Aim of the task → Recreate the listing that follows line for line, without pictures.

*** Material provided

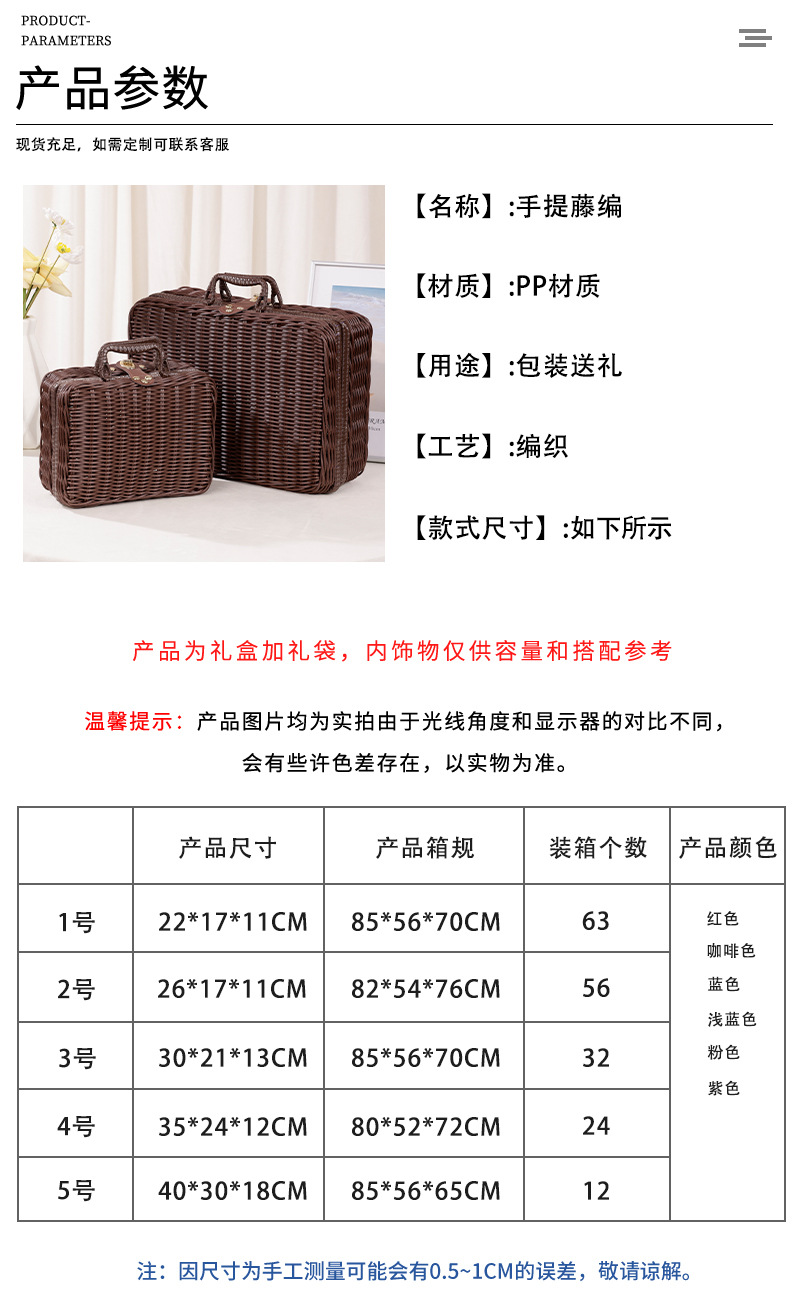 1号:22*17*11CM,2号:26*17*11CM,3号:30*21*13CM,4号:35*24*12CM,5号:40*30*18CM
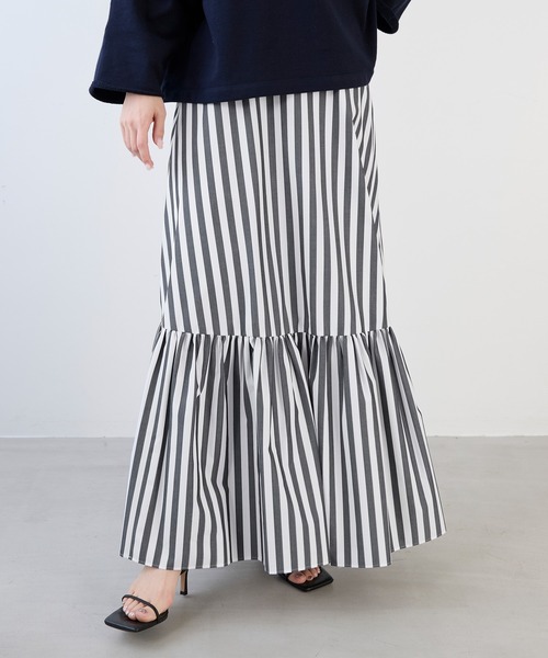 爽やかな印象を与えてくれるストライプ柄のスカート。たっぷりギャザーをあしらったボリューム感がポイントで、歩くたびに表情が生まれコーディネートが映える1枚です。ロゴTシャツやカットソーなどを合わせスカートを主役にしたコーディネートがおすすめ。ボリューミーな裾は体のラインを拾わず、レッグラインをカバーし、自分のサイズにフィットする後ろウエストゴム仕様で、楽な穿き心地です。 -------------------------------------- 透け感:なし 裏地:あり 伸縮性:なし 光沢感:なし 生地の厚さ:普通 -------------------------------------- 水洗い可 *詳しくは商品の洗濯表示にてご確認をお願い致します。 *商品画像はできる限り実物の色に近づけるよう徹底しておりますが、お使いのデバイスのモニター設定、お部屋の照明等の閲覧環境により実際の色味と異なって見える場合がございます。*画像の商品はサンプルです。実際の商品と仕様、加工が若干異なる場合があります。予めご了承くださいませ。 ▼商品のお気に入り登録 お気に入りアイテムの値下げ・再入荷・在庫1点などの通知を受け取ることができます。 ▼ブランドのお気に入り登録 新商品や再入荷、クーポン配布などのお得な情報を受け取ることができます。
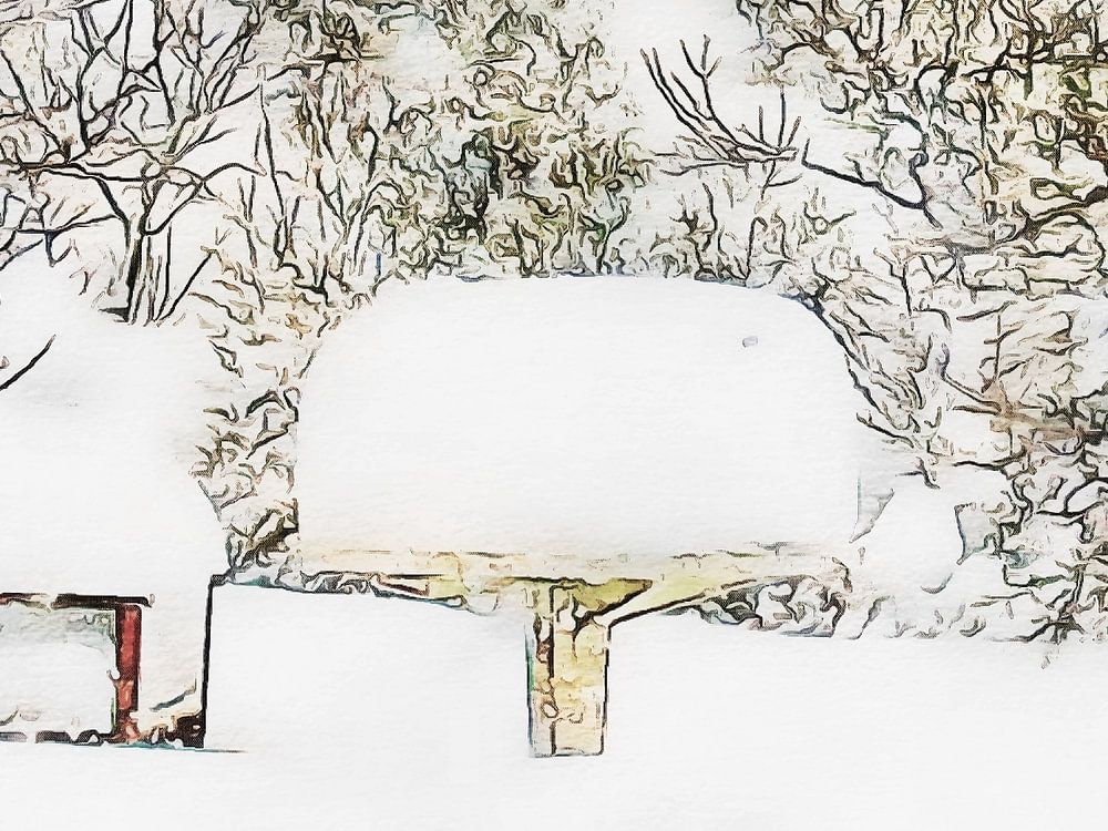 A few years ago, we awoke one morning to heavy snowfall. Although the climate is mild here in Central Italy, sometimes the winter can surprise you! I loved this view of a picnic area covered in a large amount of snow (forget the picnic Mom!). Behind can be seen rows of olive trees going up the hillside. I think the skeletal tree branches hanging into the scene just complete the picture don't you?
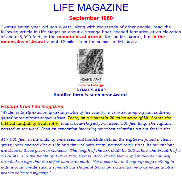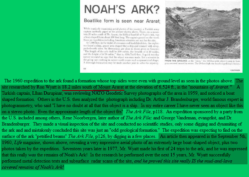 An article then appeared in the September 5th, 1960, Life magazine, shown above, revealing a very impressive aerial photo of an extremely large boat-shaped object, plus two photos taken by the expedition. Seventeen years later in 1977, Mr. Wyatt made his first of 24 trips to the ark, and he was impressed that this really was the remains of Noah's Ark! In the research he performed over the next 15 years, Mr. Wyatt successfully performed ************************l detection tests and subsurface radar scans of the site, and he proved this site really IS the mud-and-lava covered remains of Noah's Ark

******

Solution for this exercise →
 1号:22*17*11CM,2号:26*17*11CM,3号:30*21*13CM,4号:35*24*12CM,5号:40*30*18CM
 爽やかな印象を与えてくれるストライプ柄のスカート。たっぷりギャザーをあしらったボリューム感がポイントで、歩くたびに表情が生まれコーディネートが映える1枚です。ロゴTシャツやカットソーなどを合わせスカートを主役にしたコーディネートがおすすめ。ボリューミーな裾は体のラインを拾わず、レッグラインをカバーし、自分のサイズにフィットする後ろウエストゴム仕様で、楽な穿き心地です。 -------------------------------------- 透け感:なし 裏地:あり 伸縮性:なし 光沢感:なし 生地の厚さ:普通 -------------------------------------- 水洗い可 *詳しくは商品の洗濯表示にてご確認をお願い致します。 *商品画像はできる限り実物の色に近づけるよう徹底しておりますが、お使いのデバイスのモニター設定、お部屋の照明等の閲覧環境により実際の色味と異なって見える場合がございます。*画像の商品はサンプルです。実際の商品と仕様、加工が若干異なる場合があります。予めご了承くださいませ。 ▼商品のお気に入り登録 お気に入りアイテムの値下げ・再入荷・在庫1点などの通知を受け取ることができます。 ▼ブランドのお気に入り登録 新商品や再入荷、クーポン配布などのお得な情報を受け取ることができます。
 A few years ago, we awoke one morning to heavy snowfall. Although the climate is mild here in Central Italy, sometimes the winter can surprise you! I loved this view of a picnic area covered in a large amount of snow (forget the picnic Mom!). Behind can be seen rows of olive trees going up the hillside. I think the skeletal tree branches hanging into the scene just complete the picture don't you?
 An article then appeared in the September 5th, 1960, Life magazine, shown above, revealing a very impressive aerial photo of an extremely large boat-shaped object, plus two photos taken by the expedition. Seventeen years later in 1977, Mr. Wyatt made his first of 24 trips to the ark, and he was impressed that this really was the remains of Noah's Ark! In the research he performed over the next 15 years, Mr. Wyatt successfully performed ************************l detection tests and subsurface radar scans of the site, and he proved this site really IS the mud-and-lava covered remains of Noah's Ark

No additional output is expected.